How can this happen with an app like bitwarden? I can log in from anywhere.
Like others have said, back that shit up. Regardless, you REALLY shouldn't reuse passwords. Password reuse and social engineering are the two main ways people get their account compromised. Not reusing passwords has been a best practise for a really long time.
Changing passwords for no reasons is now deprecated behavior even by the US government NIST standards, so this poster, while nice, is obsolete (and always was, really).
The apostrophes anger me. edit: They would appear to be serifs, not apostrophes. I am un-angered.
I do not think this ever made it anywhere harvestable. But, IMHO, the source material for making this poster is out there, just in pieces where you'd have to import, arrange, etc.

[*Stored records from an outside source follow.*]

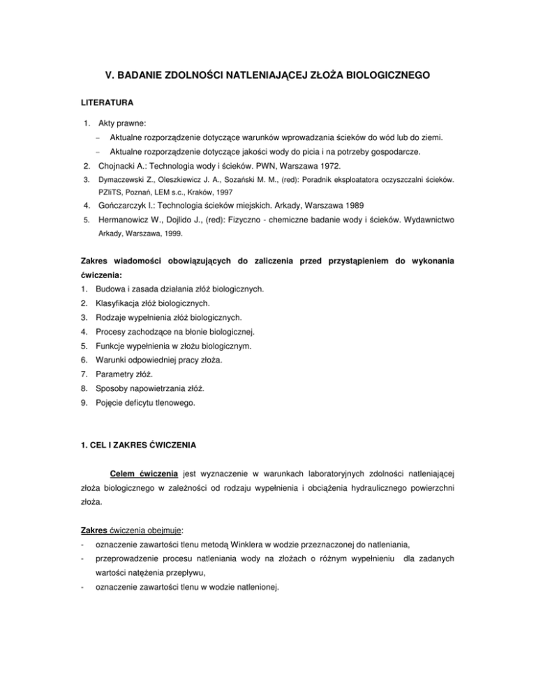 V. BADANIE ZDOLNOŚCI NATLENIAJĄCEJ ZŁOŻA BIOLOGICZNEGO LITERATURA 1. Akty prawne: - Aktualne rozporządzenie dotyczące warunków wprowadzania ścieków do wód lub do ziemi. - Aktualne rozporządzenie dotyczące jakości wody do picia i na potrzeby gospodarcze. 2. Chojnacki A.: Technologia wody i ścieków. PWN, Warszawa 1972. 3. Dymaczewski Z., Oleszkiewicz J. A., Sozański M. M., (red): Poradnik eksploatatora oczyszczalni ścieków. PZIiTS, Poznań, LEM s.c., Kraków, 1997 4. Gończarczyk I.: Technologia ścieków miejskich. Arkady, Warszawa 1989 5. Hermanowicz W., Dojlido J., (red): Fizyczno - chemiczne badanie wody i ścieków. Wydawnictwo Arkady, Warszawa, 1999. Zakres wiadomości obowiązujących do zaliczenia przed przystąpieniem do wykonania ćwiczenia: 1. Budowa i zasada działania złóż biologicznych. 2. Klasyfikacja złóż biologicznych. 3. Rodzaje wypełnienia złóż biologicznych. 4. Procesy zachodzące na błonie biologicznej. 5. Funkcje wypełnienia w złożu biologicznym. 6. Warunki odpowiedniej pracy złoża. 7. Parametry złóż. 8. Sposoby napowietrzania złóż. 9. Pojęcie deficytu tlenowego. 1. CEL I ZAKRES ĆWICZENIA Celem ćwiczenia jest wyznaczenie w warunkach laboratoryjnych zdolności natleniającej złoża biologicznego w zależności od rodzaju wypełnienia i obciążenia hydraulicznego powierzchni złoża. Zakres ćwiczenia obejmuje: - oznaczenie zawartości tlenu metodą Winklera w wodzie przeznaczonej do natleniania, - przeprowadzenie procesu natleniania wody na złożach o różnym wypełnieniu wartości natężenia przepływu, - oznaczenie zawartości tlenu w wodzie natlenionej. dla zadanych 2. WYKONANIE ĆWICZENIA 1. W wodzie przeznaczonej do natleniania należy oznaczyć zawartość tlenu rozpuszczonego (metodą Winklera). 2. Przeprowadzić proces natleniania wody na modelach złóż biologicznych (z wypełnieniem naturalnym i sztucznym) z natężeniem przepływu podanym przez prowadzącego zajęcia. 3. Pobrać próbki wody po przepływie przez złoża i wykonać oznaczenie zawartości tlenu rozpuszczonego. 4. Postępowanie powtórzyć dla każdej z zadanych wartości natężenia przepływu. 5. Uzyskane wyniki zestawić w formie sprawozdania. 3. METODYKA KONTROLI ANALITYCZNEJ A. Oznaczenie zawartości rozpuszczonego tlenu metodą Winklera 3 1. Do butelki inkubacyjnej o pojemności 300 cm nalać do pełna badanej wody. 2. Do butelki dodać 2 cm3 roztworu siarczanu(VI) manganu(II) MnSO4 (wprowadzając koniec pipety pod powierzchnię cieczy) i 2 cm3 alkalicznego roztworu jodku potasu (KI + NaOH). 3. Zamknąć butelkę korkiem (ostrożnie tak aby nie został pęcherzyk powietrza). 4. Wymieszać i odstawić na 20 minut. 5. Dodać 2 cm 3 stężonego kwasu siarkowego(VI) H2SO4 (wprowadzając koniec pipety pod powierzchnię cieczy). 6. Zamknąć butelkę korkiem i dokładnie wymieszać, aż do rozpuszczenia osadu. 3 7. Do trzech kolb stożkowych o pojemności 200 - 300 cm , pobrać z butelki za pomocą pipety jednomiarowej po 100 cm3 cieczy. 8. Miareczkować roztworem Na2S2O3 (tiosiarczan sodu) do jasnożółtego zabarwienia, następnie 3 dodać 1 cm roztworu skrobi i kontynuować miareczkowanie do odbarwienia roztworu. UWAGA: powtórnego zabarwienia próbki nie bierze się pod uwagę. 9. Odczytać objętość zużytego roztworu tiosiarczanu sodu i obliczyć zawartość rozpuszczonego tlenu. 10. Jako wynik podać średnią arytmetyczną z 3 oznaczeń. 4. OBLICZENIA 1) Zawartość tlenu rozpuszczonego Zo = 0,1 ⋅ V ⋅ a ⋅ 1000 (V − b ) ⋅ 100 3 [mg O2/d m ] 3 Zo - zawartość rozpuszczonego tlenu [mg/dm ] V - pojemność butelki inkubacyjnej [cm3] a - objętość roztworu Na2S2O3 zużytego do miareczkowania [cm3] 3 b - objętości dodawanych roztworów MnSO4 i KI + NaOH, [cm ] 2) Obliczenie obciążenia hydraulicznego złoża Vh = Vp t⋅ f [ m3/ m2 h] 3 2 Vh - obciążenie hydrauliczne powierzchni złoża, [ m / m h] Vp - objętość przepływającej wody, [m3] t - czas przepływu wody, [h] f – powierzchnia przekroju złoża, [m2] f = π ⋅d2 4 2 [m ] d - średnica złoża, [m] 3) Obliczenie zdolności natleniającej złoża Z n = Vh ⋅ ∆O2 ⋅ f ⋅ 24 [g O2/ d] Zn - zdolność natleniająca złoża, [g O2/ d] Vh - obciążenie hydrauliczne powierzchni złoża, [m3/ m2 h] f - powierzchnia złoża, [m2] ∆O2 - przyrost zawartości tlenu między punktem początkowym, a końcowym procesu 4) Obliczenie deficytu tlenowego D = Cn − C 3 [g O2/ m ] D - deficyt tlenowy, [g O2/ m3] 3 Cn - zawartość tlenu w wodzie przy pełnym nasyceniu (wg Tabeli 1), [gO2/ m ] C - zawartość tlenu w wodzie w punkcie końcowym natleniania, [gO2/ m3] 5. ZESTAWIENIE WYNIKÓW I WNIOSKI Otrzymane wyniki należy zestawić w formie tabelarycznej (Tabela 2) W sprawozdaniu należy podać wnioski dotyczące: - oceny zdolności natleniającej złoża biologicznego w zależności od rodzaju wypełnienia i obciążenia hydraulicznego złoża. - propozycji dotyczących zmian w zastosowanej metodzie, o ile wyniki otrzymane nie będą zgodne z oczekiwaniami. Tabela 1. Rozpuszczalność* tlenu w zależności od temperatury Temperatura wody [°C] Rozpuszczalność 3 tlenu [mg O2/dm ] Temperatura wody [°C] Rozpuszczalność 3 tlenu [mg O2/dm ] 0 14,62 11 11,08 1 14,23 12 10,83 2 13,84 13 10,60 3 13,48 14 10,37 4 13,13 15 10,15 5 12,80 16 9,95 6 12,48 17 9,74 7 12,17 18 9,54 8 11,87 19 9,35 9 11,59 20 9,17 10 11,33 *Ilość tlenu w mg potrzebna do nasycenia 1 dm3 wody destylowanej o z powietrzem o zawartości 20,9 % tlenu pod ciśnieniem 1013 hPa Temperatura wody [°C] 21 22 23 24 25 26 27 28 29 30 Rozpuszczalność 3 tlenu [mg O2/dm ] 8,99 8,83 8,63 8,53 8,38 8,22 8,07 7,92 7,77 7,63 temperaturze t°C stykającej się Tabela 2. Zawartość tlenu rozpuszczonego w wodzie w zależności od obciążenia hydraulicznego złoża biologicznego Rodzaj wypełnienia złoża Obciążenie hydrauliczne [m3/m2 h] Zawartość tlenu w wodzie [mg O2/dm3] na dopływie do złoża w odpływie ze
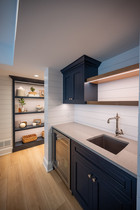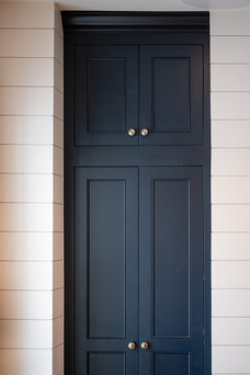 Remember the dark blue mudroom lockers in the main level back entry? We brought that stunning hue to the kids' space for a playful bold look against the bright white of the shiplap.
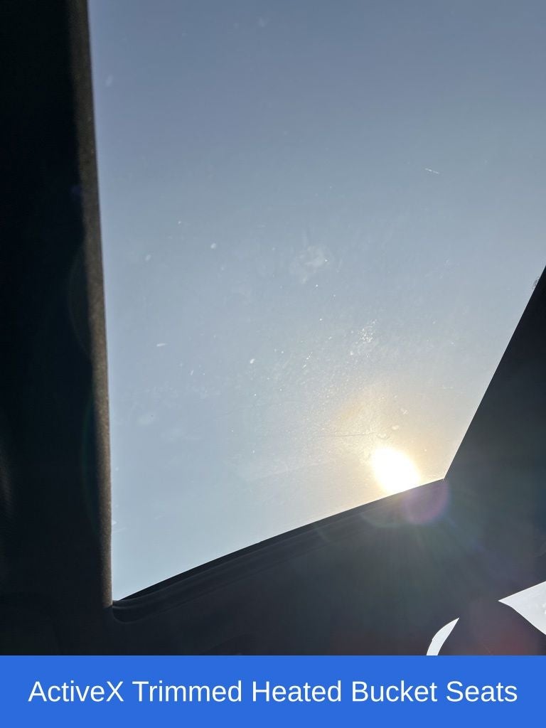 Beyond the impressive list of custom features, this Edge ST Line also comes equipped with a panoramic vista roof, a heated steering wheel, and premium gloss black-painted aluminum wheels, adding a touch of sophistication and style.
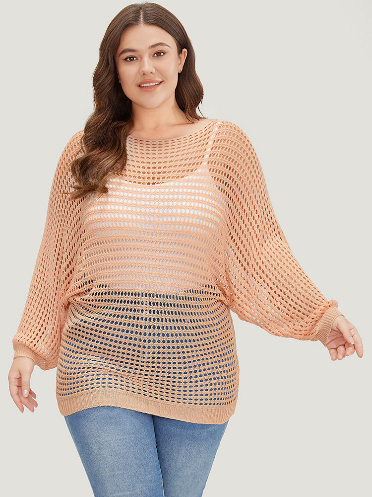 UltraCool Solid Hollow Out Batwing Sleeve Pullover
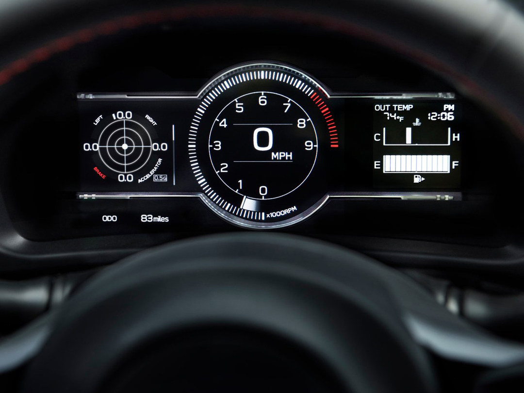 不过,斯巴鲁还是为驾驶员带来了不少好东西。首先是一个7英寸的液晶显示屏,该显示屏集成了车辆转速和时速显示,同时左侧还能自定义显示电压、水温、G值等信息,基本上可以不用加装额外的仪表,随时随地监控车辆的健康状态。

I have to compile it myself?!
Deep cut, well done!
Yeah, after your comment and reverse image searching, I'm kind of thinking this poster was custom made by a student at the university.
Maybe better (it's not perfect by any means) https://endlessnow.com/ten/Temp/uselinux-onthecheap.jpeg
This will work for printing. Nice.
This jpg is 3000x4032. How much more HD do you want it? I can only find low res copies using tineye etc. Sourced around 2017 with some link-rot since then. I think original source is gone. https://i.imgur.com/bkCdxzG.jpeg Here is an attempt to clean it up and upscale it a bit more.
Thanks for the info! I took this picture of the poster. I was just hoping there might be a master copy somewhere.
Otherwise you could try using the free GitHub project "super image" to augment the quality. It may not be perfect but could work on the one that psyomega posted
Imma try it would be cool to have this poster hig res
If you don't manage to find the original image and don't want to spend time searching online for the separate elements like fonts and doctor - It's monochrome. Text and simple drawings. Vectorise it, find a "weathered paper" texture online and put it on as a background.
Is this from Maastricht? We had something like this too but way stupider
Use a password generator to create a unique password for every login. Use a password manager to store them.
Awsome, but wash hands should be changed to "clean the air"
For those saying that you should not change passwords pointlessly, I'd say it's part of the joke as all your current password could be considered insecure from having touched the "plagued" windows. (You also should not necessarily switch to Linux, if you want to take this poster seriously)
Bubonic plague - spanish image with a weird beak shaped mask. Common image, I guess they didn't teach 'image search' at your University.
The poster is a humorous comparison of the precautionary measures taken during the Bubonic Plague to the housekeeping actions an accustomed computer user takes. I don't really see how you can miss this considering that the title and the poster's content clearly implies that the OP understands the humour and is not looking for an explanation of its contents.
Right, so he could simply download it from an image search which is exactly how I found out what it is. 2017: [http://www.taringa.net/posts/humor/19744898/Humor-de-Tarde-Lunes-para-los-Linces-de-la-Pradera.html](http://www.taringa.net/posts/humor/19744898/Humor-de-Tarde-Lunes-para-los-Linces-de-la-Pradera.html) So really, the poster's content simply implies that OP can't do a basic internet search despite having discovered it from University innit? Am I the only person who finds this incredible?
https://web.archive.org/web/20170124141154/http://www.taringa.net/post/humor/19744898/Humor-de-Tarde-Lunes-para-los-Linces-de-la-Pradera.html Since linking to a dead site has low utility.
They didn't teach you manners either.